:: PROVIDED MATERIAL ::
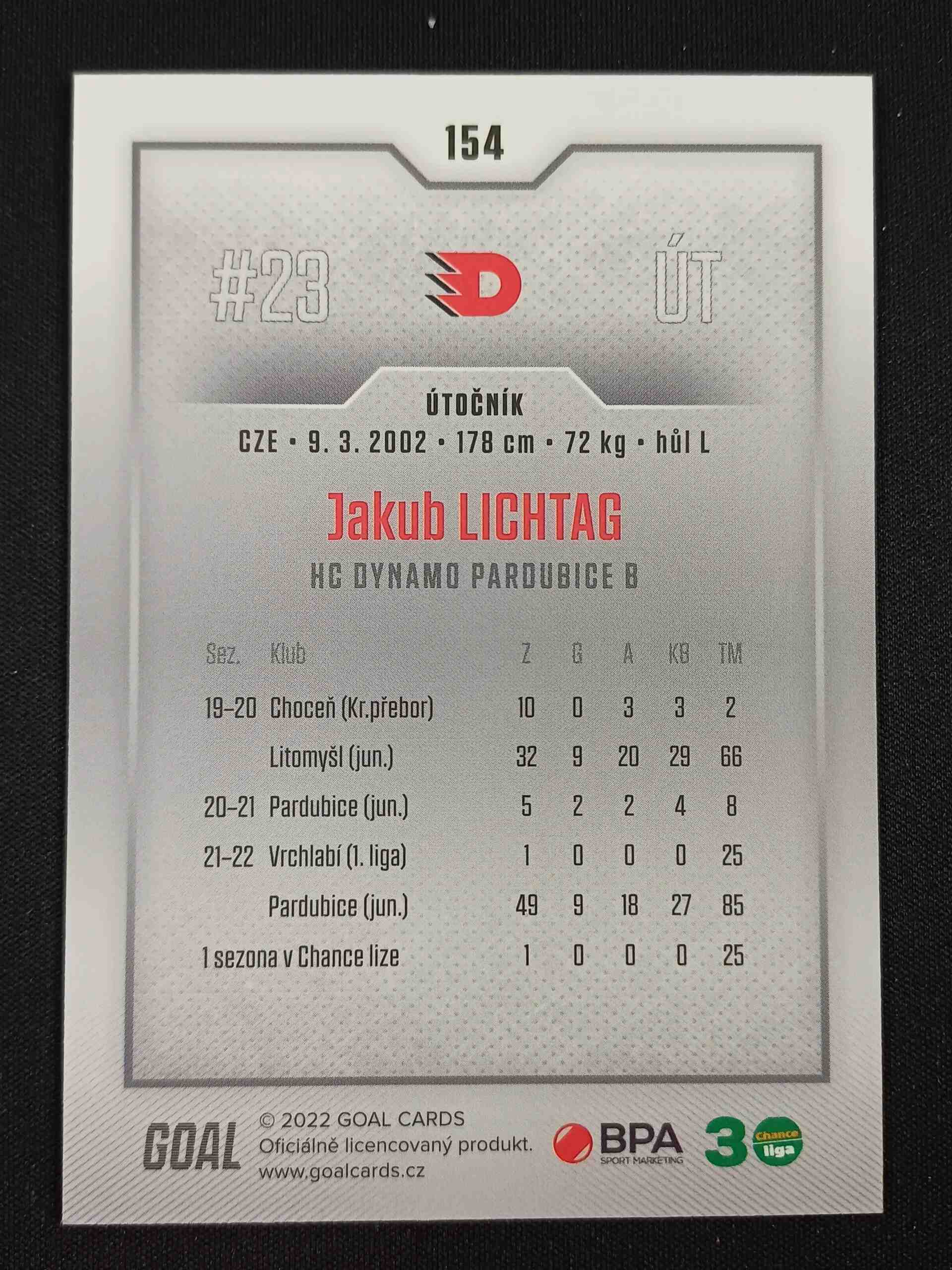 Sběratelská karta 2022/2023 Goal Serie 1 Base 154 Jakub Lichtag
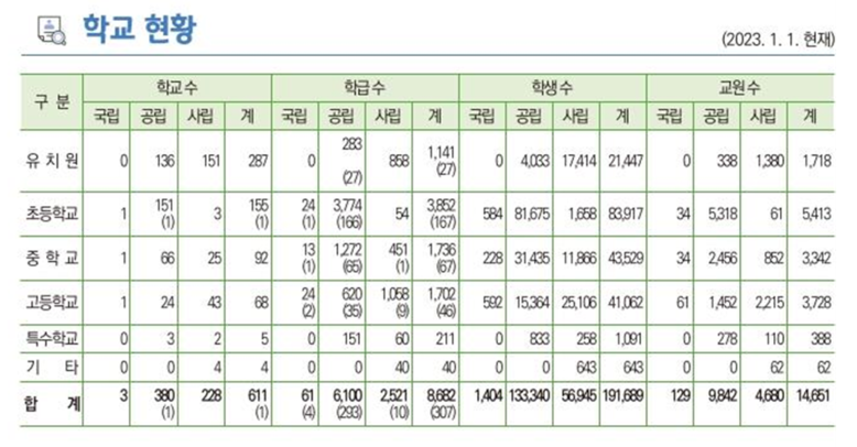 2023년 기준 광주지역 초등학생 수는 83,917명, 학교 수는 155개, 학급수는 3,852개로 지금의 저출생 추이가 지속된다면 6년 뒤부터는 산술적으로 초등학교 절반 이상이 사라지는 셈이다.
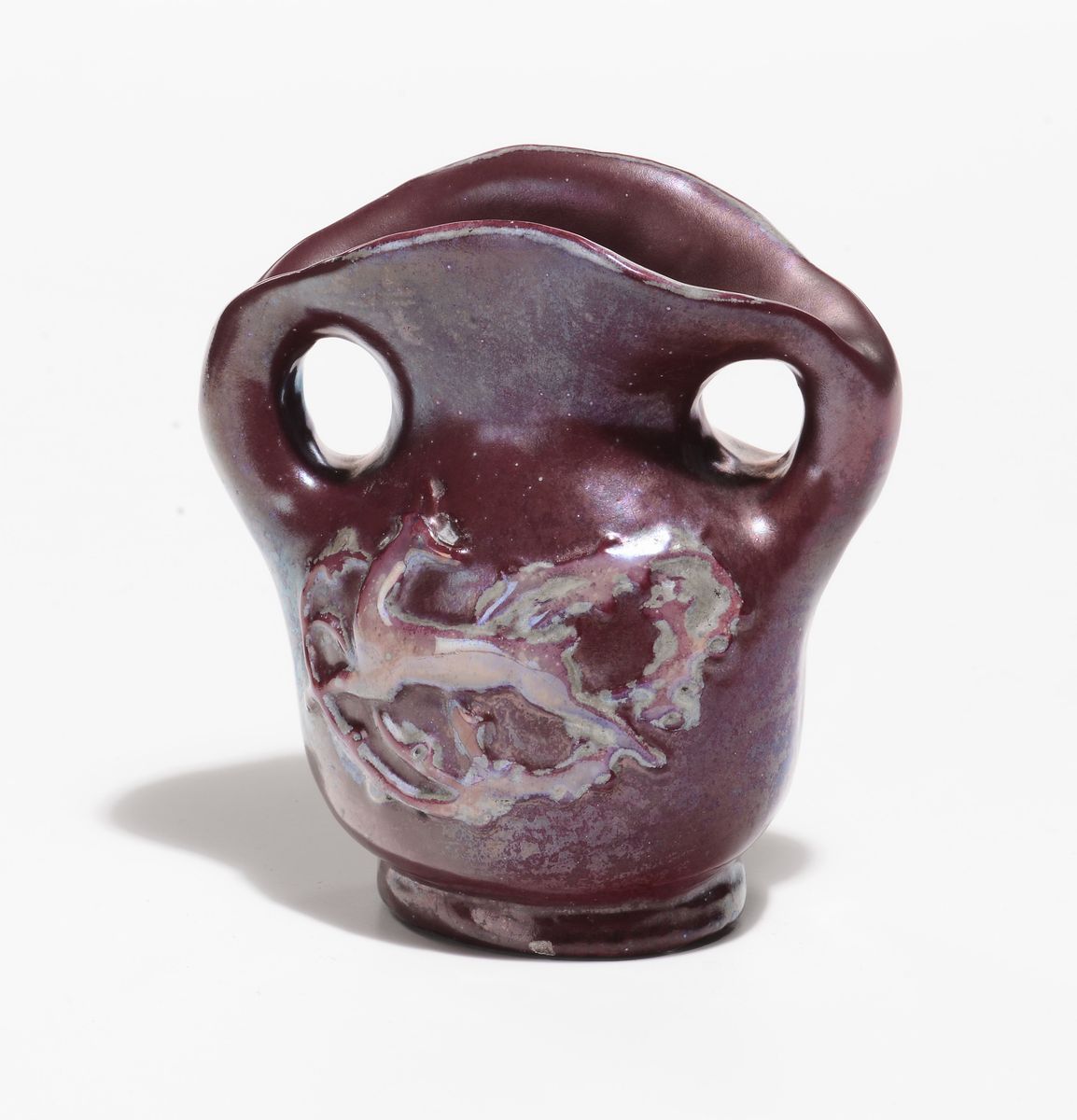 Piccola anfora in terracotta dipinta a smalti iridati con decoro in rilievo di daini. Sotto la base: Melandri Daini Faenza. Altezza cm 15
:::
TASK GOAL ▸
Give back the material above exactly, but without its images.

SOLUTION ▸
 Sběratelská karta 2022/2023 Goal Serie 1 Base 154 Jakub Lichtag
 2023년 기준 광주지역 초등학생 수는 83,917명, 학교 수는 155개, 학급수는 3,852개로 지금의 저출생 추이가 지속된다면 6년 뒤부터는 산술적으로 초등학교 절반 이상이 사라지는 셈이다.
 Piccola anfora in terracotta dipinta a smalti iridati con decoro in rilievo di daini. Sotto la base: Melandri Daini Faenza. Altezza cm 15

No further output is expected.